Diskusi dengan menyajikan 4(empat) narasumber dari Kominfo, idEA, Bukalapak, dan Dana, dan turut meramaikan acara adalah, praktisi TIK difabel dari Malang yang sedang viral. Diskusi sendiri dimoderatori oleh Dennis Adishwara, actor sekaligus penggiat dunia TIK di Indonesia. Dedy Permadi, Staf Ahli Menteri Kominfo, didaulat sebagai narasumber pertama untuk menyampaikan paparan pada kegiatan diskusi tersebut.
Dedi Permadi dalam paparannya dengan judul, “Langkah Strategis Kemkominfo dalam Pembangunan Infrastruktur dan SDM bidang TIK”, menyampaikan tentang ketersedian talenta digital di Indonesia yang masih kurang, sehingga pihak Industri banyak yang mengambil dari luar negeri, “Bila pun ada orangnya tapi profilnya yang kurang lengkap.” Dedi Permadi juga menyampaikan bahwa DTS merupakan salah satu solusi jangka pendek dalam pengembangan talenta digital Indonesia, dan untuk jangka panjangnya manusia Indonesia harus mulai sejak dini dikenalkan dengan dunia digital.
Sebagai pembicara ke-dua, Jonathan Sofian Lusa, mewakili idEA (Asosiasi E Commerce Indonesia) dalam paparannya “Tantangan Pengembangan Talenta di Era Ekonomi Digital” mengungkapkan masih lambatnya suplai SDM bidang TIK yang diproduk oleh pendidikan tinggi di Indonesia dibandingkan dengan cepatnya perkembangan industry yang menggunakan TIK. Narasumber yang akrab dipanggil dengan Sofyan ini juga mengungkapkan data survey bahwa kebutuhan perusahaan pada SDM dengan “Skill” pada bidang yang akan dikerjakan lebih dibutuhkan dari pada Bachelor dengan Indeks Prestasi lebih dari 3. Sofyan berharap DTS dalam mengembangkan SDM TIK Indonesia merujuk kepada kebutuhan dunia digital di Indonesia.
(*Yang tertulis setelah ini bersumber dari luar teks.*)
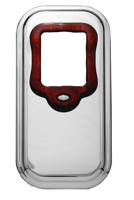 Peterbilt 379 Shift Tower cover. Chrome with a Rosewood collar. Made in the USA by Rockwood Products. Please see 2nd image for needed measurement.

Talenta digital dari Malang, hari itu menjadi tamu kehormatan di Kementerian Kominfo. Anjas Pramono hadir di Kominfo bukan hanya di undang untuk hadir di kegiatan DTS Paska Akademi saja, tapi sebelumnya bertemu dengan Chief RA sebagai tamu undangan. Mahasiswa Universitas Brawijaya dengan disabilitas ini viral sebagai anak muda (21 tahun) dengan prestasi yang luar biasa. Aplikasi “Difodeaf” yang menjadi karyanya untuk membantu para difabel tuli, menerjemahkan bahasa Indonesia dan Inggris ke bahasa isyarat. Aplikasi inilah yang membuat Anjas Pramono di undang di Universitas Nebraska, Omaha dan “White House”, Amerika Serikat, untuk mempresentasikan aplikasi karyanya tersebut. “Saya berjuang untuk teman teman disabilitas melalui bidang digital, dengan harapan karya yang saya buat bisa membantu sesame penyandang difabel.”
VP of Engineering “Bukalapak”, Ibrahim Arief, dan Chief People Officer “Dana”, menjadi narasumber dari industri e commerce dan fintech yang sedang booming saat ini. Ibrahim Arief memaparkan kebutuhan tenaga IT yang masih belum bisa dilengkapi oleh SDM Indonesia dikarenakan salah satunya logika Algoritmanya yang masih kurang terasah. “Di Vietnam saya melihat soal ujian anak SD sudah belajar logika algoritma.” Ibrahim Arief berharap pengenalan logika digital bisa dikenalkan lebih dini kepada SDM Indonesia.
Senada dengan Ibrahim Arief, Chief People Officer “Dana” , Agustina Samara menyampaikan bahwa SDM digital Indonesia memiliki kemampuan akademisi yang baik tapi tidak punya mental sesuai dengan skill yang diharapkan. “Banyak yang mendaftar ke Dana tapi mereka Cuma punya Knowledge saja tapi tidak punya mental yang siap untuk menyelesaikan masalah pekerjaannya.” Agustina Samara sepakat bahwa pendidikan logika Algoritma dan pengenalan teknologi digital untuk SDM Indonesia harus dimulai sejak dini.